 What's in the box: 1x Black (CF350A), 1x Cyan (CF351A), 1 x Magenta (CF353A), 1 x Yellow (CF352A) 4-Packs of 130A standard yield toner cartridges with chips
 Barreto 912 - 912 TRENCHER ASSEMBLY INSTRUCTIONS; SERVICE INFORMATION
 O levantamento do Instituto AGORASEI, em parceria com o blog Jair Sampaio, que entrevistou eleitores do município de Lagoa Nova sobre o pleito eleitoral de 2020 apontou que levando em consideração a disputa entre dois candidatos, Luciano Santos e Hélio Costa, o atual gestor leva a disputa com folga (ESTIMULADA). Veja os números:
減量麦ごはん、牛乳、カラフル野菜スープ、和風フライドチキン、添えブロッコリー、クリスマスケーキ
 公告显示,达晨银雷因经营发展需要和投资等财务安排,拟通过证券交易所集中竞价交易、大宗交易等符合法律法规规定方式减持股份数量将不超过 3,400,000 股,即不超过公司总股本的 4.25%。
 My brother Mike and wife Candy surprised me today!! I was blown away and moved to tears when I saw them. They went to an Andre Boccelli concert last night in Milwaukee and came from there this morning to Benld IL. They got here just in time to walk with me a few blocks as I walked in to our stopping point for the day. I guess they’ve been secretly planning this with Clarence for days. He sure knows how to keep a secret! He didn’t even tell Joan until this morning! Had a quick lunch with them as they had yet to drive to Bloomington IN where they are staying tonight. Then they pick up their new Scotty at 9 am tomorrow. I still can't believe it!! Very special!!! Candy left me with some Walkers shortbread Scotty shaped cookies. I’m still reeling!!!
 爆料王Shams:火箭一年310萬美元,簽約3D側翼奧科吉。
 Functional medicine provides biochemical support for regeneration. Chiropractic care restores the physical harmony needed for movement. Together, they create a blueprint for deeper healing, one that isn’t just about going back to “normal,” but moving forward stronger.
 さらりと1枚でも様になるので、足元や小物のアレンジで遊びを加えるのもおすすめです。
---
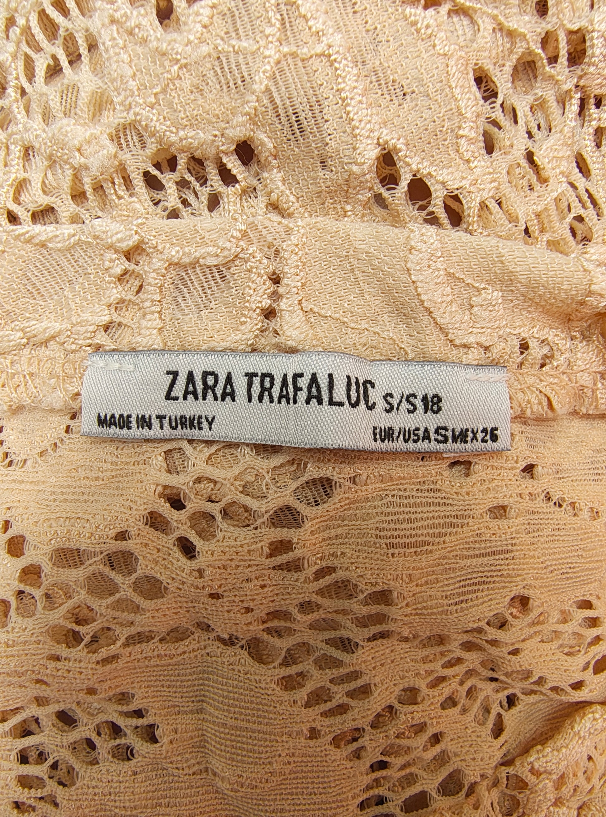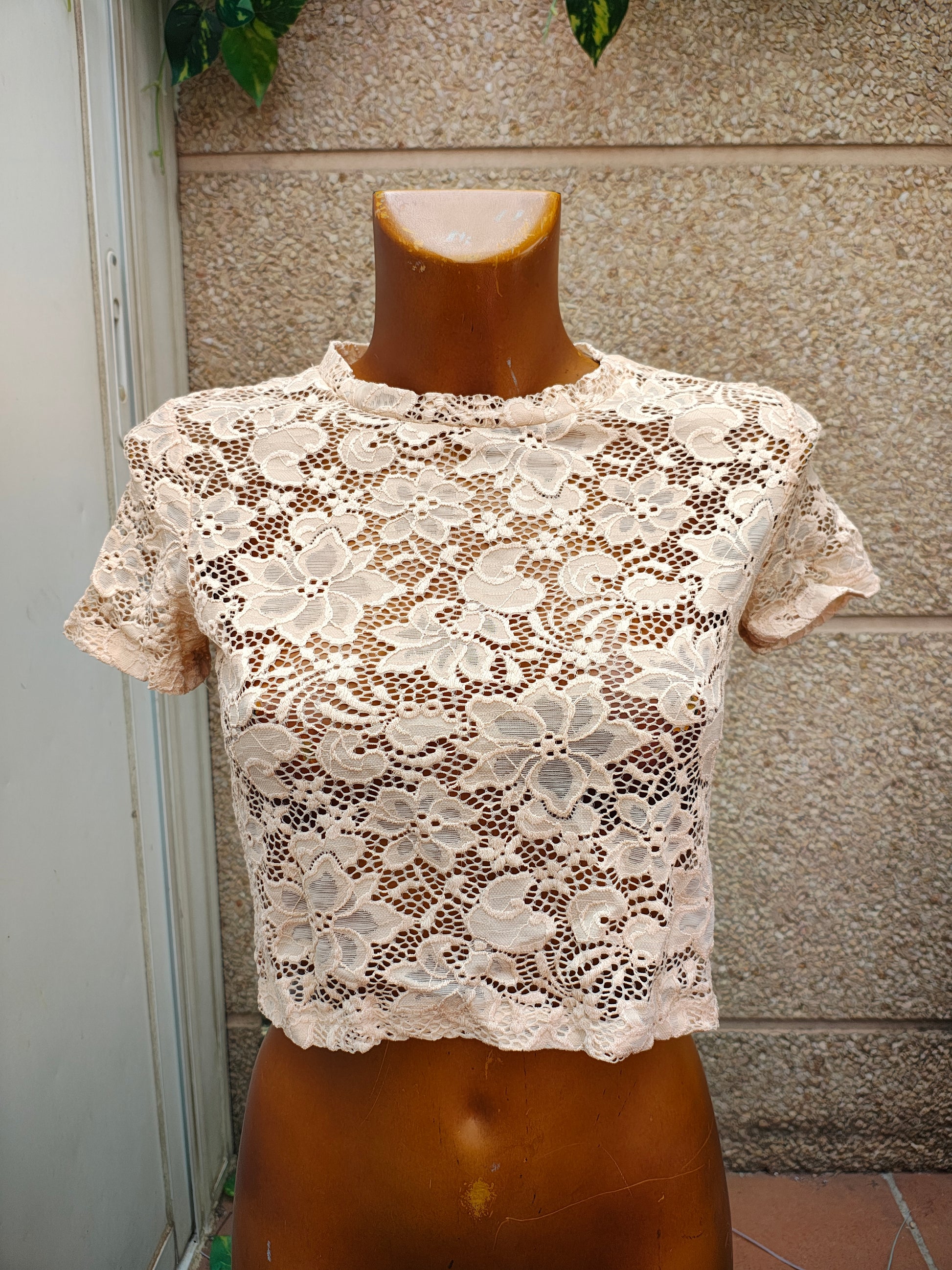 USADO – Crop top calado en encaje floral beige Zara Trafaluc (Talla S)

__Prompt__.
From the entries above, write out only the lines starting at the line that holds "What's in the" and ending at the line that holds "3,400,000 股,即不超过公司总股本的 4.25%。", keeping both and matching them exactly.

__Problem solution__.
 What's in the box: 1x Black (CF350A), 1x Cyan (CF351A), 1 x Magenta (CF353A), 1 x Yellow (CF352A) 4-Packs of 130A standard yield toner cartridges with chips
 Barreto 912 - 912 TRENCHER ASSEMBLY INSTRUCTIONS; SERVICE INFORMATION
 O levantamento do Instituto AGORASEI, em parceria com o blog Jair Sampaio, que entrevistou eleitores do município de Lagoa Nova sobre o pleito eleitoral de 2020 apontou que levando em consideração a disputa entre dois candidatos, Luciano Santos e Hélio Costa, o atual gestor leva a disputa com folga (ESTIMULADA). Veja os números:
減量麦ごはん、牛乳、カラフル野菜スープ、和風フライドチキン、添えブロッコリー、クリスマスケーキ
 公告显示,达晨银雷因经营发展需要和投资等财务安排,拟通过证券交易所集中竞价交易、大宗交易等符合法律法规规定方式减持股份数量将不超过 3,400,000 股,即不超过公司总股本的 4.25%。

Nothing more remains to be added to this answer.